Na początku brzmi to jak olej węża, ale projektanci Apollo przynajmniej wiedzą, czym jest podwójnie ślepa próba i przeprowadzili kilka. Odwołując się do zmysłu dotyku za pomocą dźwięku wibracyjnego, ma to wpłynąć na Twój nastrój i wydaje się, że tak się dzieje.
Apollo aktywujesz przez Bluetooth za pomocą aplikacji mobilnej, która pozwala wybrać jedno z siedmiu ustawień tematycznych dla ustawionych okresów i kontrolować intensywność fal dźwiękowych.
Zalecamy rozpoczęcie od około 30% z każdym trybem, aby zobaczyć, jak to działa dla Ciebie, ale nawet przy 100% większość trybów jest subtelna.
Wyjątkiem jest „Energia i pobudka”. Pozostałe tryby to delikatne pulsowanie, ale „Energy” to dysonansowe dudnienie, które trudniej zignorować.
Bardzo szybko przyzwyczajasz się do każdego trybu w Apollo. Po około 10 minutach w trybie „Clear and Focused” na poziomie 55%, stwierdziłem, że sięgam w dół, aby upewnić się, że Apollo jest nadal włączony. Jest to zaskakująco dyskretne, jak na coś, co powinno wpływać na Twój nastrój.
Siedem dni później
Podstawowe wrażenia użytkownika z Apollo jasno pokazują, że jest to nadal produkt pierwszej generacji.

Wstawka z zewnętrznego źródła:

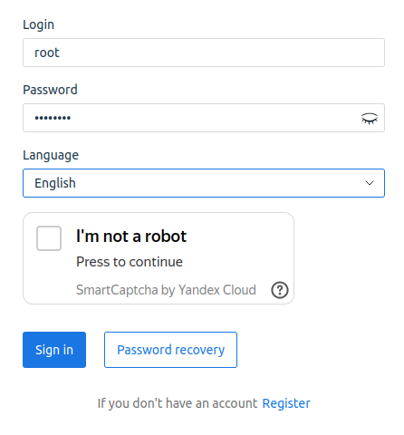 - настроить защиту форм регистрации и авторизации, выбрав из нескольких вариантов задания для CAPTCHA различной сложности. Например, распознавание текста, слайдер, или калейдоскоп. Подробнее о настройке Yandex SmartCaptcha на стороне Яндекс см. в официальной документации Yandex.

Na Androidzie aplikacja towarzysząca traci połączenie z Apollo za każdym razem, gdy urządzenie mobilne przechodzi w stan uśpienia, co czasami zmuszało mnie do ponownego uruchomienia aplikacji. Wymiana pasków jest również o wiele trudniejsza niż powinna.
Mimo to utknąłem z Apollo przez tydzień, naprzemiennie nosząc go na nadgarstku i kostce i używałem różnych trybów zgodnie z zalecaną procedurą startową. Zaleca się nastawienie go na energię i skupienie na początku dnia, a następnie jazdę na rowerze w nocy z ustawieniami towarzyskimi i relaksacyjnymi.
Ogólnie rzecz biorąc, wydawało się, że zadziałało. Mam dużo czasu na używaniu Apollo, aby utrzymać mnie w zadaniu, używając go do powiększania i pomagania we wszystkim, co planowałem robić w tym czasie.
Jedynym wyjątkiem było ustawienie „Uśpij i odnów”, które było prawie całkowitym niewypałem. Nawet przy niskim ustawieniu wibracje Apollo utrudniały mi spanie.
Pozostałe sześć ustawień wydaje się jednak mieć przynajmniej jakiś pozytywny efekt. W tym tygodniu zrobiłem wiele, nawet z nowym gadżetem brzęczącym na moim ramieniu, co pomogło mi nakreślić wyraźniejszą granicę między pracą a wypoczynkiem.
To zaskakująco dyskretne, jak na coś, co powinno wpływać na twój nastrój.
Moim głównym problemem jest to, że nie jestem pewien, ile efektów Apollo jest czymś, co mogę przypisać urządzeniu. Czy faktycznie poprawiam swój własny mózg, czy tylko używam go jako sposobu na lepsze zorganizowanie mojego harmonogramu z godziny na godzinę? Jeśli to drugie, czy mógłbym zaoszczędzić kilkaset dolców i skonfigurować osobisty system kolorowych bransoletek z klapkami?
Jestem cyniczny, ale dyskutuję też o czymś trudnym do zmierzenia. Apollo jest co najmniej bardziej interesującą i opartą na faktach alternatywą dla wielu produktów wellness, które nasycają rynek, i powiedziałbym, że warto go wstępnie zajrzeć.